Your objective —
Set down, word for word, every line of the material below from the one containing "FD:サイドパネル 設定: ハイエース" through the one containing "18 DORIT HILLEBRECHT", but none of its pictures.

Source records —
+++++
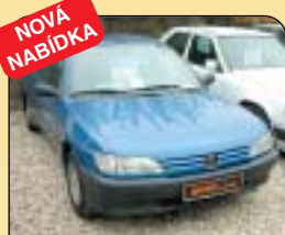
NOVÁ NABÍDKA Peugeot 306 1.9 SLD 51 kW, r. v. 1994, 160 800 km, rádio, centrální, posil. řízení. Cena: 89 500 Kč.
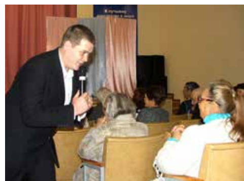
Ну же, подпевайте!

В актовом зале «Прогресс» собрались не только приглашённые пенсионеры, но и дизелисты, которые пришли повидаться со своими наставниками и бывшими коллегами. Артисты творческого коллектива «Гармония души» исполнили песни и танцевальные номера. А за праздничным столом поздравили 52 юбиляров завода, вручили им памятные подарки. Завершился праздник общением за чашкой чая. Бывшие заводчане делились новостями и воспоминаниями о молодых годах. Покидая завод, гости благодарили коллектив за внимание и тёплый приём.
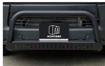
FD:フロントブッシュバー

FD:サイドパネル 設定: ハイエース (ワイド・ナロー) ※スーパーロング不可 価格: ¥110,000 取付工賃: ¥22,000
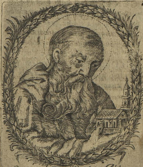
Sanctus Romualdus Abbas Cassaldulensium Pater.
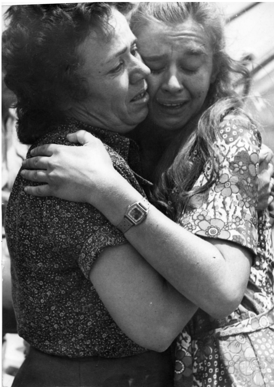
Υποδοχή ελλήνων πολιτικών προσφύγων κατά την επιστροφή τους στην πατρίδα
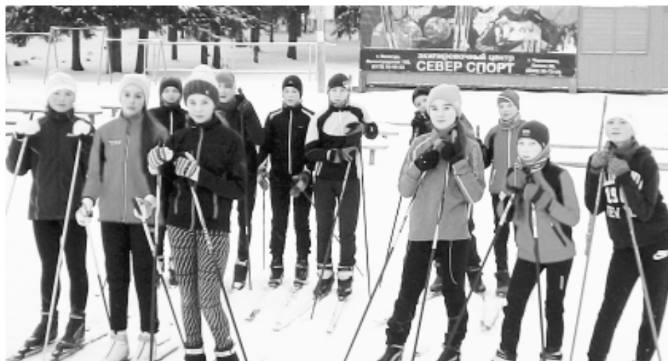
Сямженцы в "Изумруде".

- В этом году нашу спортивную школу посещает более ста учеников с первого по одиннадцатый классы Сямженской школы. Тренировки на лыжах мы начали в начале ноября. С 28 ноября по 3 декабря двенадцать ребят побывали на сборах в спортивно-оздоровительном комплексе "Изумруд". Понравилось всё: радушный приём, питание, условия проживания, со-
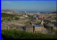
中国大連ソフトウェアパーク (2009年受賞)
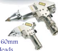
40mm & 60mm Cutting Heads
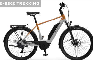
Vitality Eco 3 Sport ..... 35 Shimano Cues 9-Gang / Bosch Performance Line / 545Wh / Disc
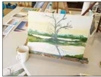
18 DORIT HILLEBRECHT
+++++
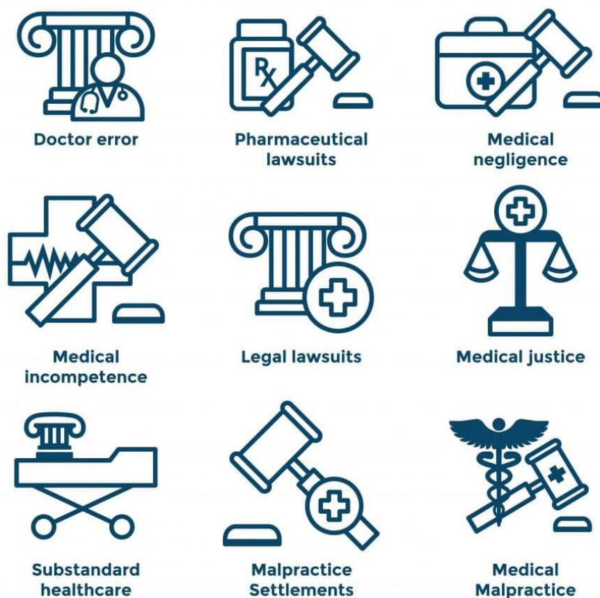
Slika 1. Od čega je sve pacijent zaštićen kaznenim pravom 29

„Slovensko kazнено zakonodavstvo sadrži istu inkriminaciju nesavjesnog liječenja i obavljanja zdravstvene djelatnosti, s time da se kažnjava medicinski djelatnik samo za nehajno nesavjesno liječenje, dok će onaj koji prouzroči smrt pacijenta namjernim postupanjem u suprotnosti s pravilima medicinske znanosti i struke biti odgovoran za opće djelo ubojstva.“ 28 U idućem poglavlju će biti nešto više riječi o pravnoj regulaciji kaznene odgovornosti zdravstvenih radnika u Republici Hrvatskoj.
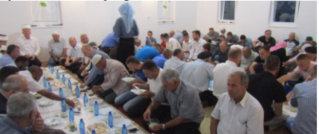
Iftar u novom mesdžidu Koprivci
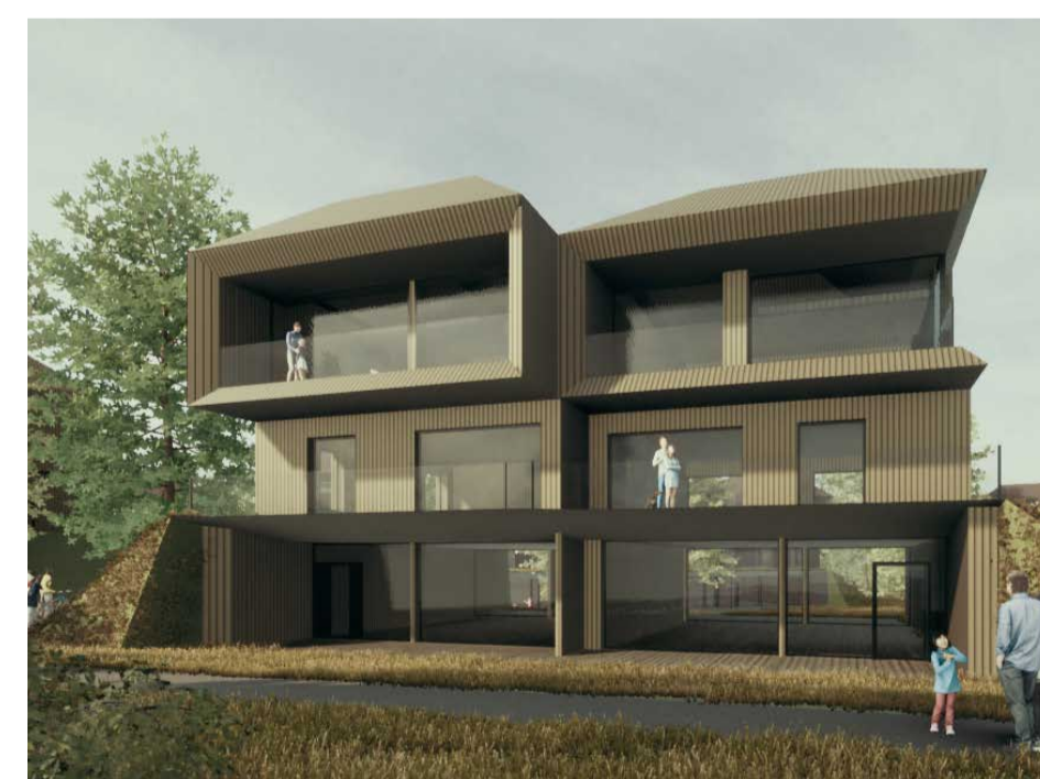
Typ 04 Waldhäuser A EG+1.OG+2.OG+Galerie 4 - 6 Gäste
+++++
Your solution —
FD:サイドパネル 設定: ハイエース (ワイド・ナロー) ※スーパーロング不可 価格: ¥110,000 取付工賃: ¥22,000
Sanctus Romualdus Abbas Cassaldulensium Pater.
Υποδοχή ελλήνων πολιτικών προσφύγων κατά την επιστροφή τους στην πατρίδα
Сямженцы в "Изумруде".

- В этом году нашу спортивную школу посещает более ста учеников с первого по одиннадцатый классы Сямженской школы. Тренировки на лыжах мы начали в начале ноября. С 28 ноября по 3 декабря двенадцать ребят побывали на сборах в спортивно-оздоровительном комплексе "Изумруд". Понравилось всё: радушный приём, питание, условия проживания, со-
中国大連ソフトウェアパーク (2009年受賞)
40mm & 60mm Cutting Heads
Vitality Eco 3 Sport ..... 35 Shimano Cues 9-Gang / Bosch Performance Line / 545Wh / Disc
18 DORIT HILLEBRECHT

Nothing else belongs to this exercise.